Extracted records
BEGIN
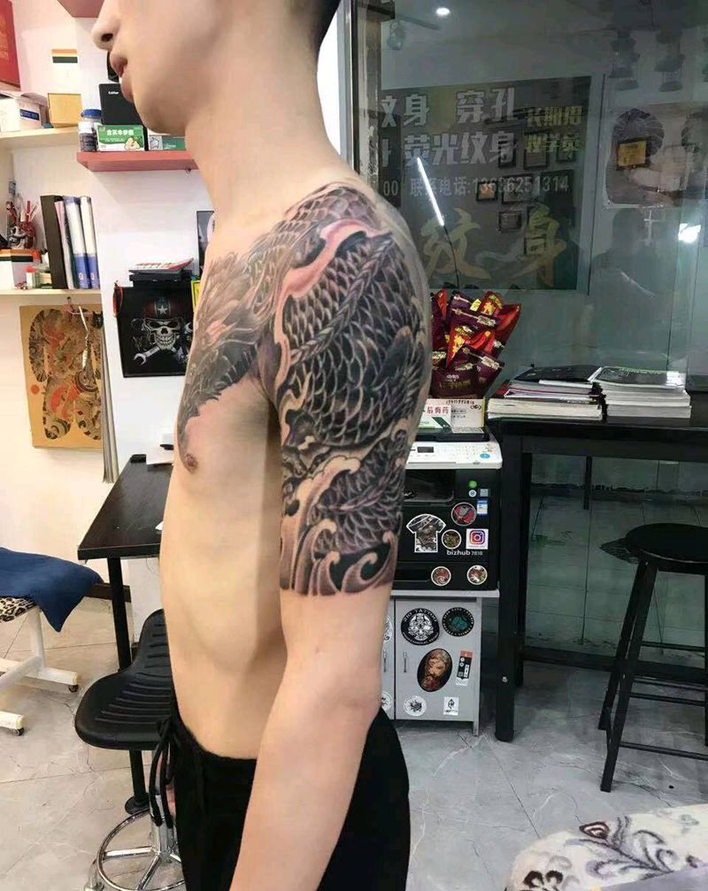 • 纹身吧推荐的披肩图腾半胛纹身图案作品展示
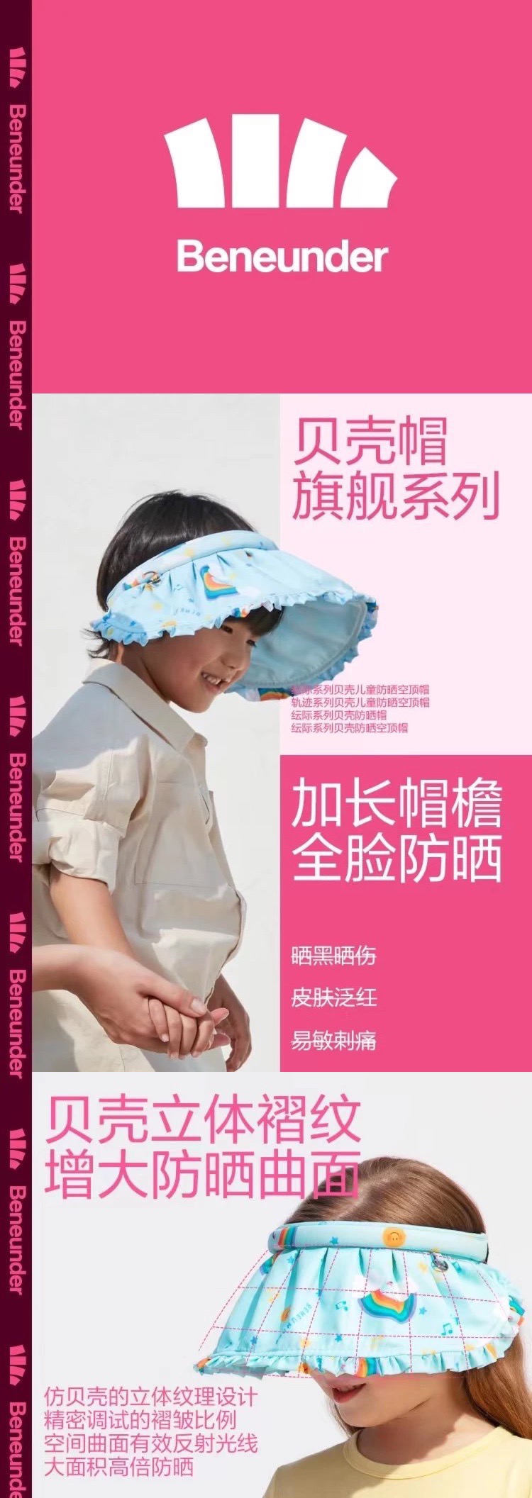 贝壳立体褶皱可以增大防晒曲面,防止宝贝肌
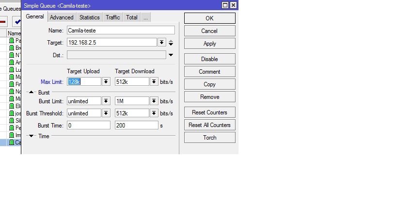 Funciona bem ,mais hj em um cliente a banda não estava passando ai eu modifiquei e coloquei sem limites e passou os 2 megafull , voltei a configuração e não passou , gostaria de saber se alguém sabe o motivo.
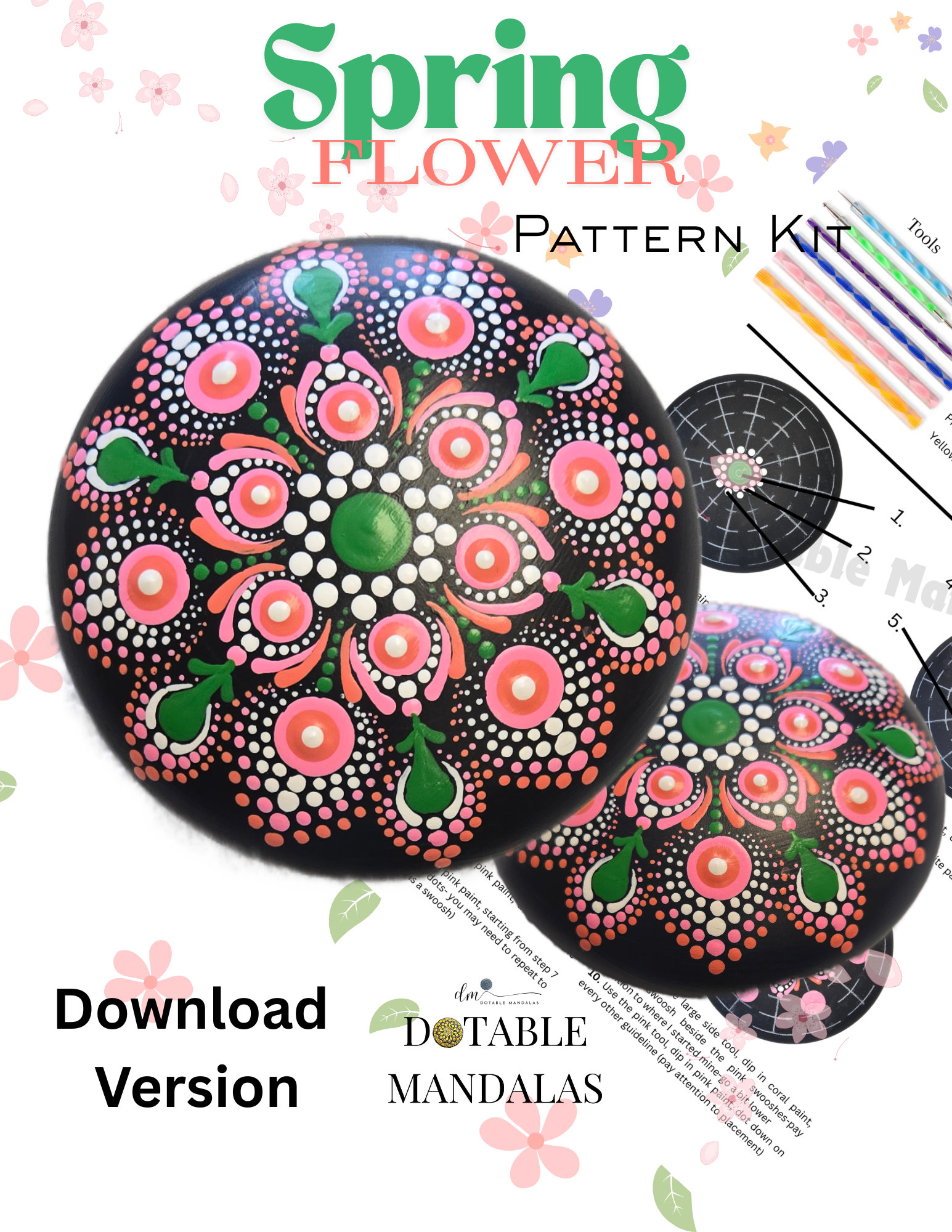 4" Spring Flower Rock Dot-Painting Pattern Download Version
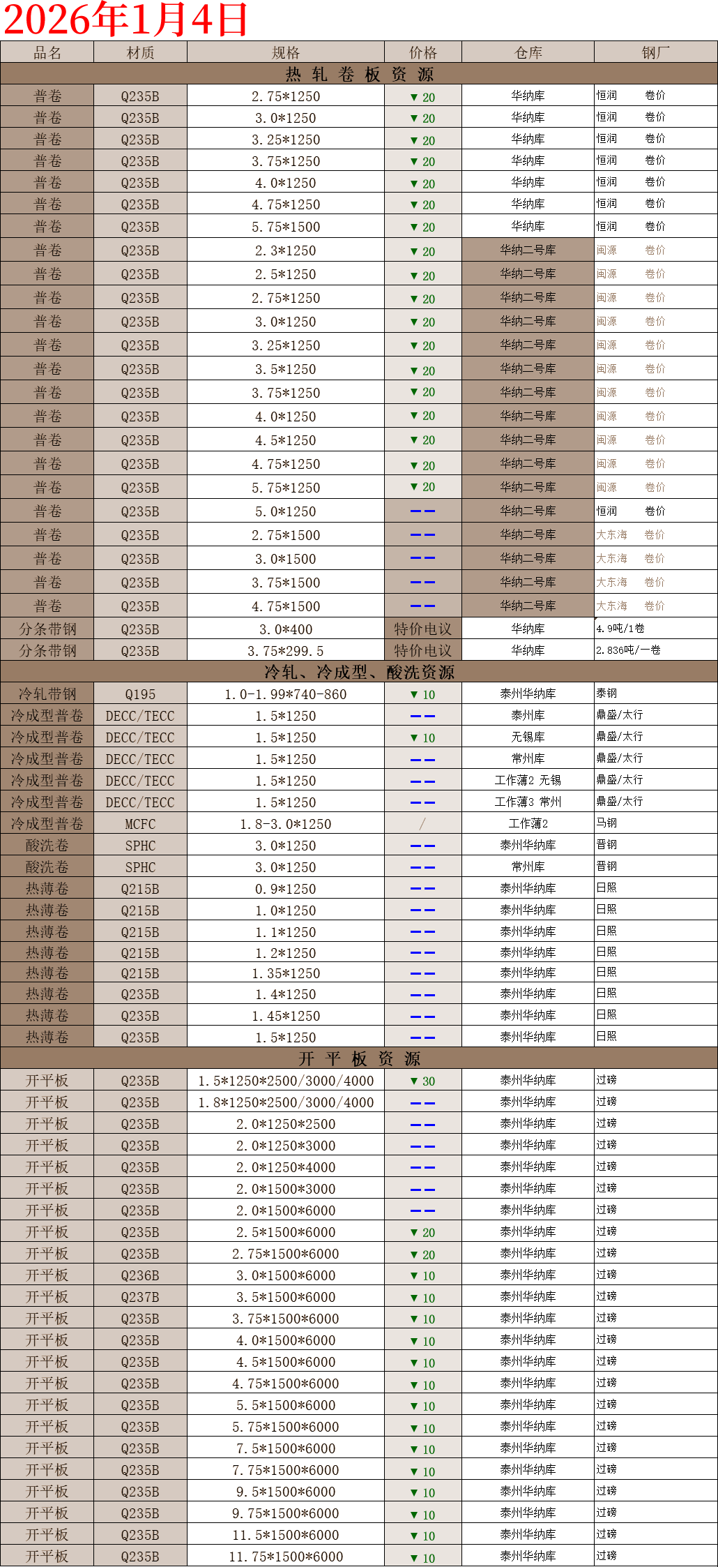 市场变化较快,实际成交价格以电询为准!报价说明 :以上卷板报价均为整件含开价,正常库存开平板出售+50需定开3米以上(包括3米)非整件+60,需定开2-3米非整件+70(包括2米),非整件小于1米-2米+80(包括1米),小于1米另计
END
### WORK INSTRUCTIONS
Nothing but the lines from the first line of the data through the line with "Pattern Download Version" belongs in the answer, copied exactly and without pictures.

### ANSWER TO THIS PROBLEM
 • 纹身吧推荐的披肩图腾半胛纹身图案作品展示
 贝壳立体褶皱可以增大防晒曲面,防止宝贝肌
 Funciona bem ,mais hj em um cliente a banda não estava passando ai eu modifiquei e coloquei sem limites e passou os 2 megafull , voltei a configuração e não passou , gostaria de saber se alguém sabe o motivo.
 4" Spring Flower Rock Dot-Painting Pattern Download Version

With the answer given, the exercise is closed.